REQUIRED WORK
What is needed is the exact text of each line in the listing below from the one with "Das Freizeitbad lädt" up to and including the one with "Coach Sojo Black", and no pictures.
TASK DATA: Begin
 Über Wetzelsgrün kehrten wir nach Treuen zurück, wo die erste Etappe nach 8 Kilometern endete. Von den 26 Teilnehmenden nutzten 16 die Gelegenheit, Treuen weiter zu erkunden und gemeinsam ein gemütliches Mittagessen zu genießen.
TASK DATA: End
TASK DATA: Begin
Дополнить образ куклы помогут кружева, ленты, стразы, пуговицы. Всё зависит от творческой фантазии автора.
TASK DATA: End
TASK DATA: Begin
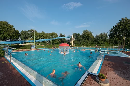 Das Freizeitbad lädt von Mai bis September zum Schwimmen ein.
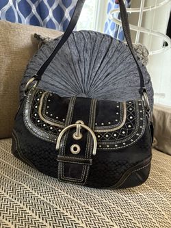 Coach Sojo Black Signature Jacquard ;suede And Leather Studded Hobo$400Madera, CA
TASK DATA: End
FINAL ANSWER
 Das Freizeitbad lädt von Mai bis September zum Schwimmen ein.
 Coach Sojo Black Signature Jacquard ;suede And Leather Studded Hobo$400Madera, CA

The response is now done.